Wednesday, June 22, 2016

What happens when open access wins?

The last few days I've been re-reading articles about Ted Nelson's work (including ill-fated Project Xanadu), reading articles celebrating his work (brought together in the open access book "Intertwingled"), playing with Hypothes.is, and thinking about annotation and linking. One of the things which distinguishes Nelson's view of hypertext from the current web is that for Nelson links are first class citizens, they are persistent, they are bidirectional, and can be links not just documents but between parts of documents. In the web we have links that are unidirectional, when I link to something, the page I link to has no idea that I've made that link. Knowing who links to you turns out to be both hard to work out, and very valuable. In the academic world, links between articles (citations) form the basis of commercial databases such as the Web of Science. And of course, the distribution of links between web pages forms the basis of Google's search engine. Just as attempts to build free and open citation databases have come to nothing, there is no free and open search engine to compete with Google.

The chapters in "Intertwingled" make clear that hypertext had a long and varied history before being subsumed by the web. One project which caught my eye was Microcosm, which lead me to the paper "Dynamic link inclusion in online PDF journals" (doi:10.1007/BFb0053299, there's a free preprint here). This article tackles the problem of adding links to published papers. These links could be to other papers (citations), to data sets, to records in online databases (e.g., DNA sequences), names of organisms, etc. The authors outline four different scenarios for adding these links to an article.

In first scenario the reader obtains a paper from a publisher (either open access from behind a paywall), then using a "linkbase" that they have access too they add link to the paper.

Links1

This is very much what Hypothes.is offers, you use their tools to add annotations to a paper, and those annotations remain under your control.

In the second scenario, the publisher owns the linkbase and provides the reader with an annotated version of the paper.

Links2

This is essentially what tools like ReadCube offer. The two remaining scenarios cover the case where the reader doesn't get the paper from the publisher but instead gets the links. In one of these scenarios (shown below) the reader sends the paper to the publisher and gets the linked paper back in return, in the other (not shown) the reader gets the links but uses their own tools to embed them in the paper.

Links3

If you're still with me at this point you may be wondering how all of this relates to the title of this essay ("What happens when open access wins?"). Well, imagine that academic publishing eventually becomes overwhelmingly open access, so that publishers are making content available for free. Is this a sustainable business model? Might a publisher, seeing the writing on the wall, start to think about what they can charge for, if not articles (I'm deliberately ignoring the "author pays" model of open access as I'm not convinced this has a long term future).

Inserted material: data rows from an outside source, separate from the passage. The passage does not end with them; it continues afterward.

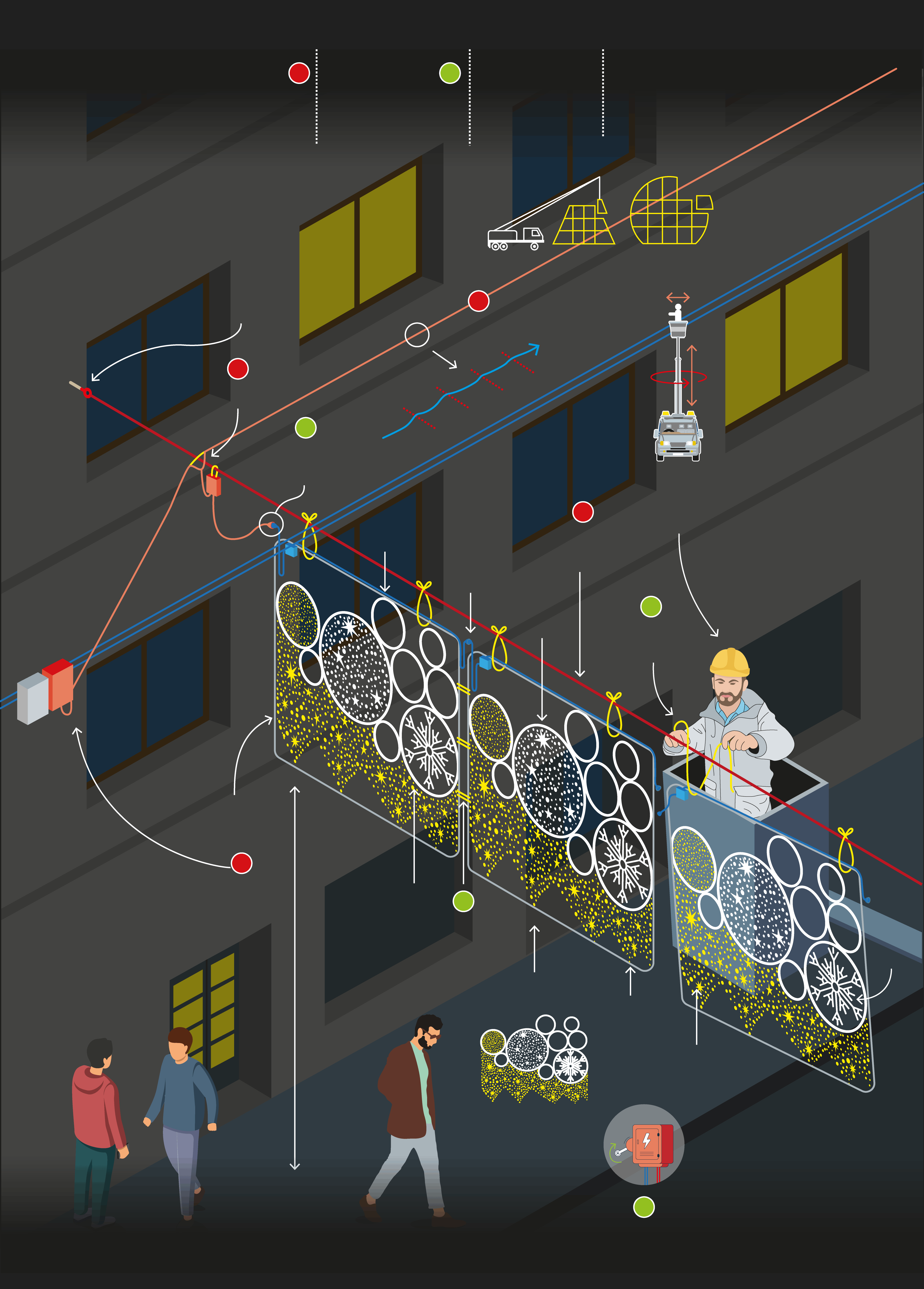 La preinstalación arranca cuatro meses antes de su encendido, que fue la semana pasada. Las luces navideñas iluminan ya la Navidad en todos los rincones de Gipuzkoa con propuestas y decoraciones cada vez más sofisticadas que de un tiempo a esta parte se han convertido en un importante foco de atracción turística en esta época del año. Esto explica las grandes cantidades de dinero que todos los años los municipios destinan a este concepto.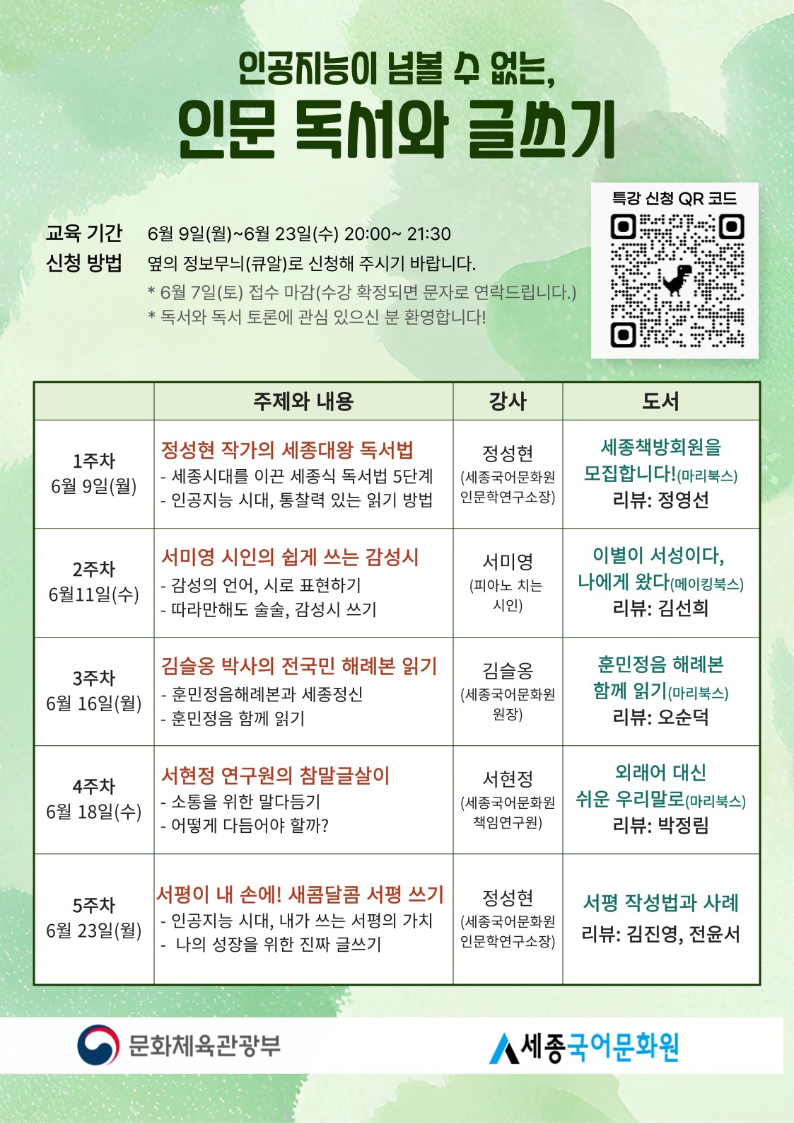 문화체육관광부와 세종국어문화원이 오는 6월 9일부터 23일까지 ‘인공지능이 넘볼 수 없는, 인문 독서와 글쓰기’라는 주제로 특별 강연을 진행한다.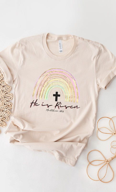 He Is Risen Easter Glitter Rainbow Graphic Tee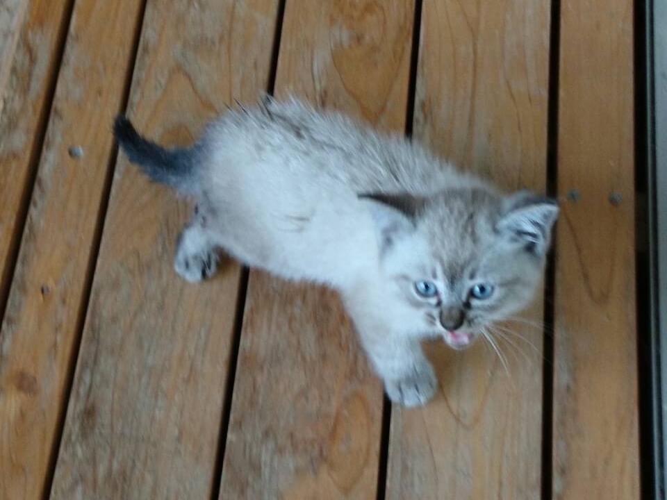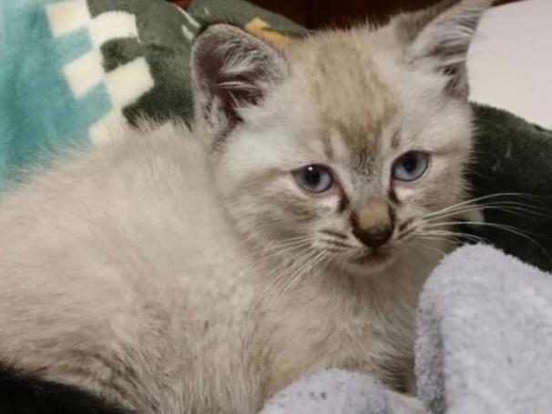 首輪はしていませんでしたが身なりからして飼い猫ちゃんだと思います。白色で尻尾の先が黒色です。目は水色できれいな顔をしています。まだ子猫です。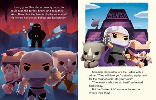 Kids will love fighting crime in this awesome Little Golden Book collaboration from Nickelodeon’s Teenage Mutant Ninja Turtles and toy maker Funko POP! Get ready for a gnarly ninjitsu adventure with Leonardo, Raphael, Donatello, and Michelangelo! When the evil Shredder and his henchmen, Bebop, and Rocksteady, unleash a malevolent robot named Metalhead, it’s up to the Teenage Mutant Ninja Turtles to save the day. Featuring the iconic art style from cutting edge toymaker Funko POP!, this action-packed storybook is perfect for children ages 2 to 5—and fans and collectors of all ages. Little Golden Books enjoy nearly 100% consumer recognition. They feature beloved classics, hot licenses, and new original stories. . . the classics of tomorrow. The Teenage Mutant Ninja Turtles have been icons since their creation in 1984. Leonardo, Raphael, Donatello, and Michelangelo love to defeat bad guys and celebrate with pizza. Cowabunga!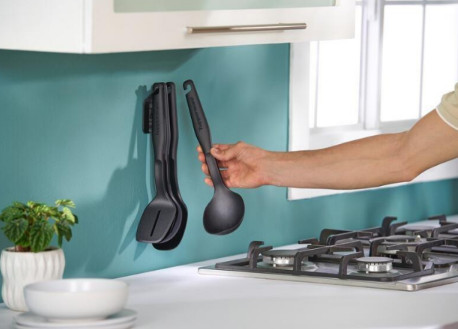 Держатель - Благодаря держателю и клейкой ленте Набор кухонных приборов «Компакт Про» можно повесить на стену. Для этого наклейте двойную клейкую ленту на держатель с двух сторон и закрепите на стене. С помощью крючков, расположенных на кухонных приборах, разместите их на держателе.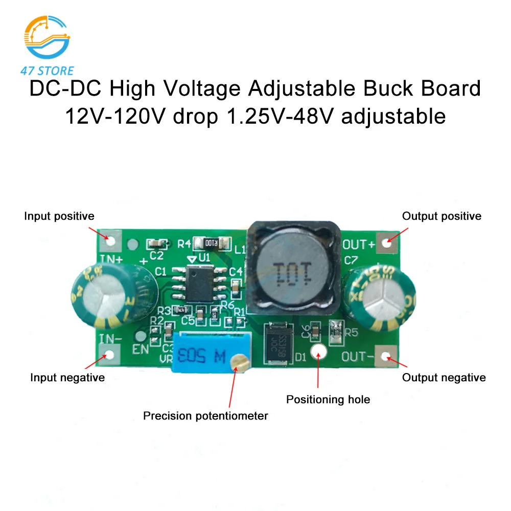 DC-DC 48V 60V 100V 1.25V 48V 스텝 다운 모듈 보드 전압 벅 가변 전원 변환기 1.8V 2.5V 3.3V 5V 9V 12V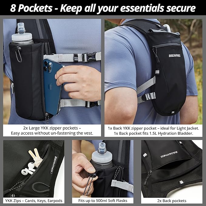 - 8 POCKET STORAGE – Equipped with 8 pockets for all your running essentials. Includes 2x front bottle pockets (NOTE: compatible with 300ml Build & Fitness water bottles or soft flasks). 2x lower front zipper pockets for phones up to 6.1” inch. 2x upper front zipper pockets for Keys, Cards, Snacks, EarPods. 1x back zipper pocket for a lightweight jacket, running cap, towel. 1x open-access pocket, ideal for 1.5L Hydration Bladder, max size: 17x28cm.

In the diagrams above the "linkbase" is on the publisher's side in two of the three scenarios. If I was a publisher, I'd be looking to assembling proprietary databases and linking tools to create value that I could then charge for. I'm sure this is happening already. I suspect that the growing trend to open access for publications is not going to be enough to keep access to scientific knowledge itself open. In many ways publications themselves aren't terribly useful, it's the knowledge they contain that matters. Extracting, cross linking, and interpreting that knowledge is going to require sophisticated tools. The next challenge is going to be ensuring that the "linkbases" generated by those tools remain free and open, or an "open access" victory may turn out to be hollow.